I did not know such stagecraft was possible. Frank remembered a pavilion at Vancouver's 86 Expo that had similar effects. I've always loved going to Expos for their tremulous unveiling of technology of that era, to seduce you into buying that company's product, with something resembling Art, or at least borrowing its expectations.

This was what Walt Disney lived and died for. The illusion of climbing a stair case, or taking trains, or coming forth from a tree spirit into a woman and visiting the Paris World's Fair from the Andersen story The Dryad. At no point was this not overwhelming. Like those world's fairs, this challenges anyone who thinks of marrying their ideas with technological possibilities. If only the Firesign Theatre had Lepage's millions, what stagecraft they could have altered reality with.
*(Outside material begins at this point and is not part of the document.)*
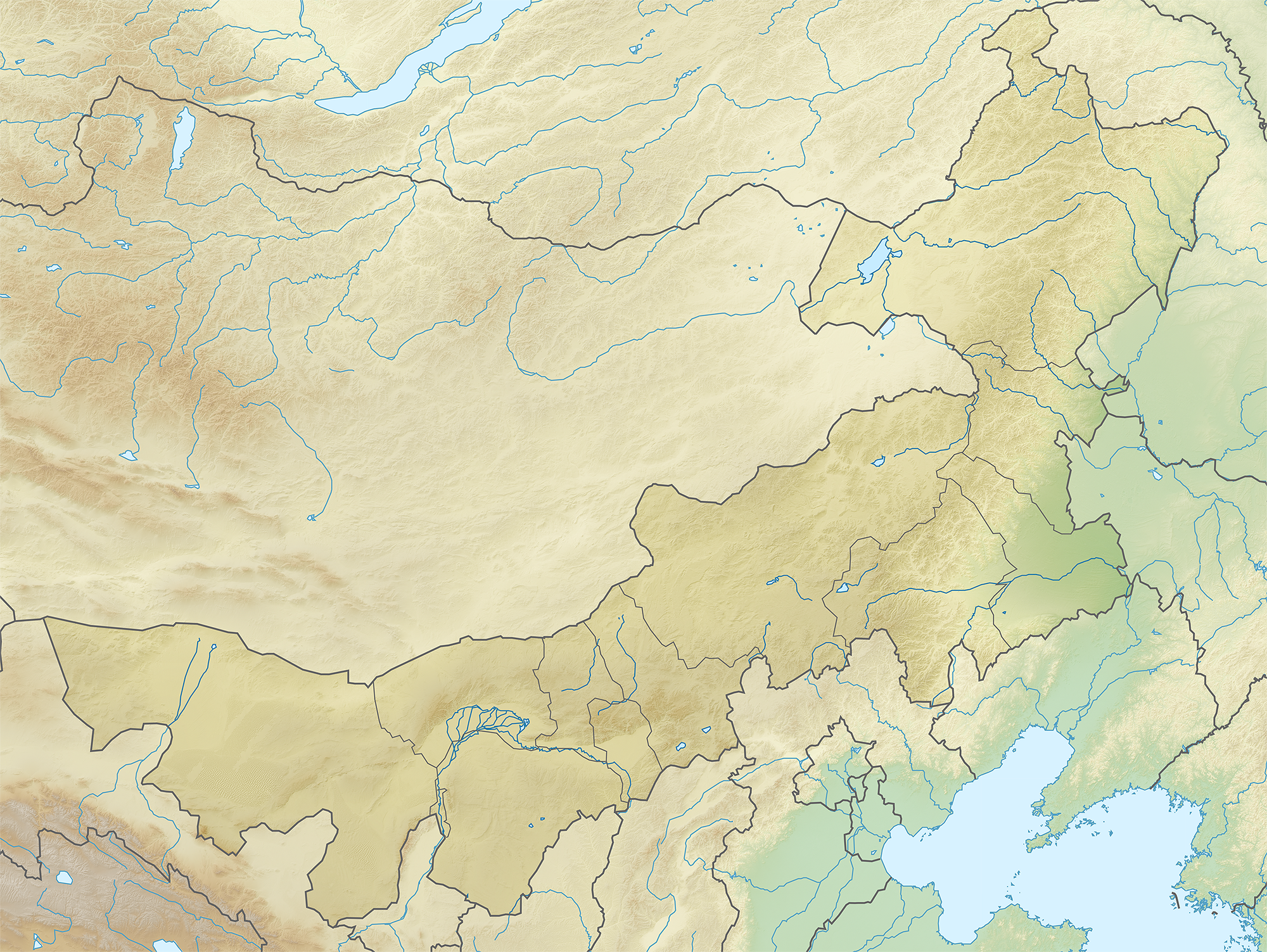 Location map of Inner Mongolia, People's Republic of China Equirectangular projection, N/S stretching 141 %. True scale parallel: 45°00' N. Geographic limits of the map: N: 53.5° N S: 37.0° N W: 96.0° E E: 127.0° E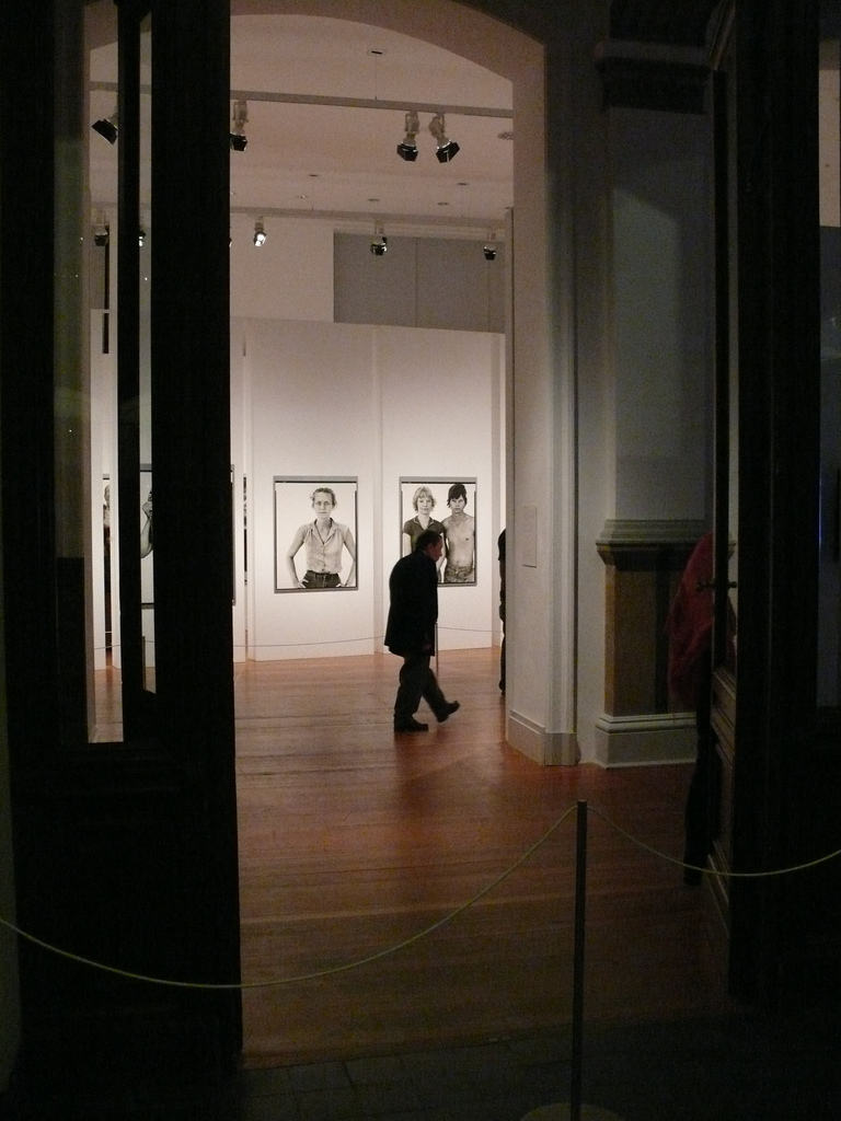 Richard Avedon photo exhibition - in Berlin 2008 - 9

My friend from Lepage's Montreal was right on how this play sets the bar, if you're going to do fully funded theatre, you can't do less than this or else keep making soundless films a century after the invention of talkies. But my friend Dave Samuels was right as well, the pyramid of technology did not support this script, ie it could have done so much more with a thematically, as opposed to just a technologically advanced venture. I know Lepage had to do this story for his commission and if Andersen were alive to see it, he might rejoice in the modernization of his out of time tarried tales. This play has won shelves of awards and its numerous makers well deserve them. But one doesn't cure loneliness by identifying with the loneliness of others. Plays benefit only those who have come to play.

"I knew that this would end like a Hans Christian Andersen story, where humans who have longings and desires die, and animals have lots of children and live happily ever after" says Lepage at the plays end, as he is about to be engulfed in fire. It is a stunning theatrical moment. I felt electrocuted by its eloquence. At the same time, I wondered if my daughter Monique and her friend Kim had such eloquent thoughts as they were being blown up on May 30, 1998. Or not. Should it matter? The idea of incinerating people spectacularly is a constant desire of more film makers than is necessary to count. Good box office. Blow them all up. Lepage can provide the best words, Hollywood can produce the most scintillating flames. Everyone benefits. Except the dead.